Methods: In total, 100 patients were randomly assigned to receive doxycycline for 20 days (n=14), methylprednisolone in decreasing doses for 20 days (n=14), mepolizumab 2 single intravenous injections (n=20), omalizumab 2 to 4 subcutaneous doses (n=15) or placebo (n=37) in three separate clinical double-blind, placebo-controlled trials. Participants were followed for 8 weeks. Endoscopic evaluation of nasal polyp score, assessment of symptom score and measurement of markers of inflammation in nasal secretions and serum occurred at baseline, week 4 and week 8. All treatments were completed at week 4, except for 2 patients who received a fourth subcutaneous dose of omalizumab at week 6.
Results: All treatment options significantly reduced nasal polyp score as compared to baseline, but not placebo. Methylprednisolone has initially the most dramatic effect on symptom scores, but after cessation of treatment symptom scores worsen progressively and return to baseline after 4 weeks. Mepolizumab, doxycycline and methylprednisolone each had a specific effect on local and systemic inflammatory markers. Omalizumab did not alter eosinophilia or markers of inflammation.

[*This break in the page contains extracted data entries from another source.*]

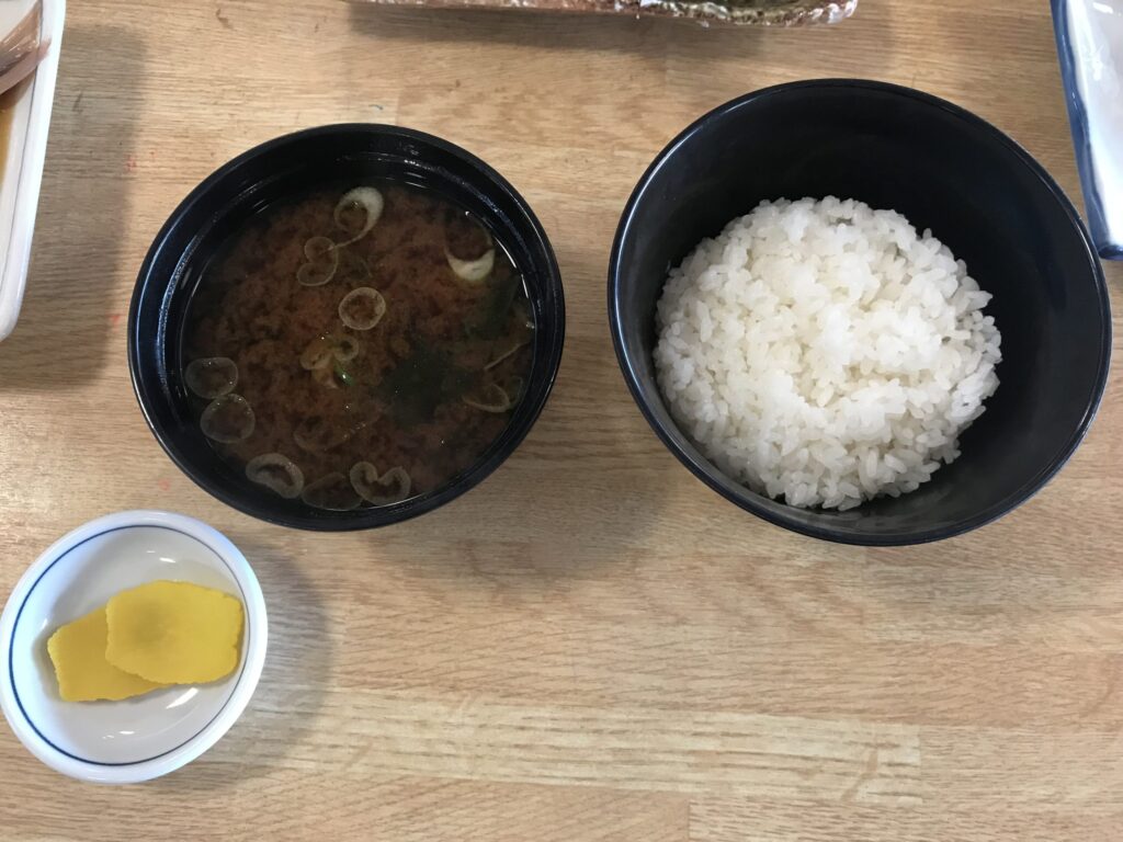 そして、お味噌汁とご飯、お漬物です。
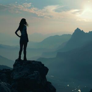 «Fair-skinned woman with dark long hair, elegant and composed, st...»
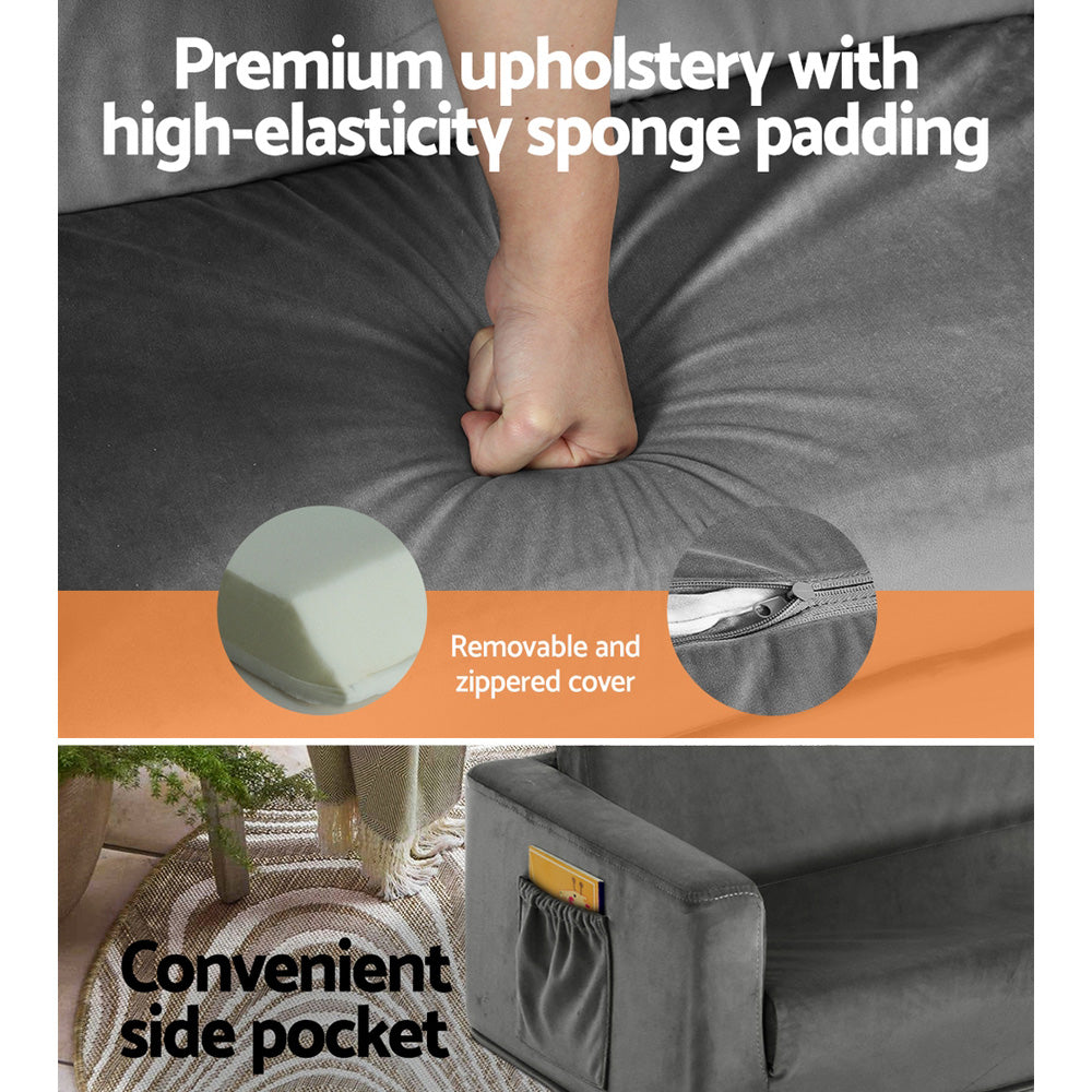 Keezi Kids Sofa 2 Seater Children Flip Open Couch Velvet Armchair Grey

Conclusions: Omalizumab, mepolizumab and oral doxycycline cause a long-term reduction in nasal polyp size, whereas methylprednisolone initially causes the strongest reduction in polyp size but recurrence occurs earlier. Total symptom scores parallel this trend. Doxycyline works on eosinophilic and neutrophilic inflammation in nasal polyps, whereas the effect of mepolizumab and methylprednisolone is most apparent on eosinophilic markers. Omalizumab did not reduce markers of eosinophilic inflammation, nor neutrophilic inflammation in nasal secretions. The beneficial effect of omalizumab seems to be mediated through a direct effect on IgE or their receptor, rather than through an effect on markers of the eosinophilic cascade.